Financial institutions have submitted hundreds of interim climate targets to the Glasgow Finance Alliance for Net Zero (GFANZ) ahead of COP27, according to the alliance’s co-chair, Mark Carney.
During a speech on Monday evening, the former governor of the Bank of England said: “We’ve already received over 250 science-based interim targets and there’s an additional 90 targets under review and on track to be confirmed by the start of Sharm El Sheikh,” referring to the climate summit which will be held in Egypt next month.
GFANZ requires its members to “set 2030 interim targets that represent a fair share of the 50% decarbonisation required by the end of the decade”.
It is unclear whether the 250 targets that have been submitted so far come from individual institutions, or whether some institutions have submitted more than one target to cover different business units or asset classes. A spokesperson for GFANZ was unable to clarify before publication.

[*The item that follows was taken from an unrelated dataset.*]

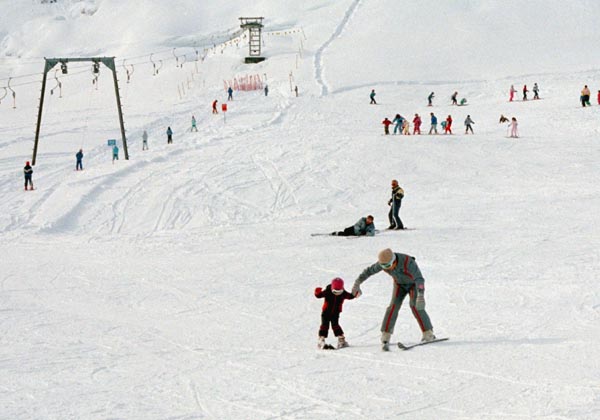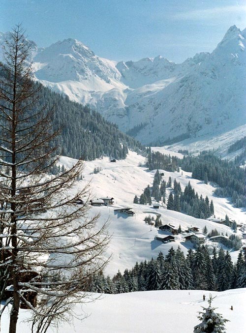 実はオーストリア領なのですが、上の図を見てもわかるように地理的にはドイツに結びついていて、オーストリアの他の地方から直接ここに来る道はありません。クラインヴァルザー谷に入る前に国境がありますが、それは名ばかりで、福岡県から佐賀県に行くようなものでした。通貨がユーロに統一される前はここでの通貨はオーストリア・シリングではなく、ドイツ・マルクでした。ここにスキーに行く利点は少しだけ物価が安いことでした。でもユーロに統一された今、その利点はまだあるのでしょうか?

Carney made the comments as part of the inaugural memorial lecture for the late Roger Gifford, who chaired the UK’s Green Finance Initiative.
Now the UN Special Envoy on Climate Action and Finance, Carney used the speech to acknowledge recent pushback against GFANZ by some of its members.

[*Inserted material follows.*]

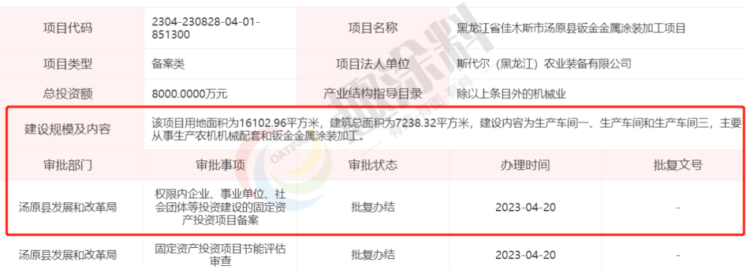 2023年4月20日,斯代爾(黑龍江)農(nóng)業(yè)裝備有限公司,黑龍江省佳木斯市湯原縣鈑金金屬涂裝加工項(xiàng)目,在湯原縣發(fā)展和改革局,進(jìn)行權(quán)限內(nèi)企業(yè)、事業(yè)單位、社會團(tuán)體等投資建設(shè)的固定資產(chǎn)投資項(xiàng)目備案。

A handful of big US banks reportedly threatened to leave the alliance this summer over concerns about whether an update to its rules would expose them to accusations of anti-competitive collaboration.
However, Carney pointed out that the only three institutions have actually exited GFANZ, and all had done so because they lacked the resources to comply with its requirements, not because of legal worries.
He added that over 50 members had joined since COP26, from more than 50 countries, bringing the combined balance sheet to some $150trn.
Carney also touched on the role of climate data in helping financial institutions meet their transition plans. In June, GFANZ co-chair Michael Bloomberg teamed up with French president Emmanual Macron to launch a steering committee “to advise how to capture and create open, centralised climate data to accelerate the transition towards a resilient, net zero global economy”.
That committee, made up of representatives from bodies including IOSCO, Refinitiv, London Stock Exchange, MSCI and the UN, is helping to design an open climate data platform.
“This will be operational by this time next year and will provide consistent, accurate, openly available climate transition-related data to allow financial institutions, regulators, civil society, all stakeholders, the general public, to track climate progress,” said Carney.
He also stressed the need to “grow transition assets” to support companies seeking to decarbonise the real economy, and warned investors “not to retreat into the false comfort of portfolio-level decarbonisation by divesting their way to net zero”.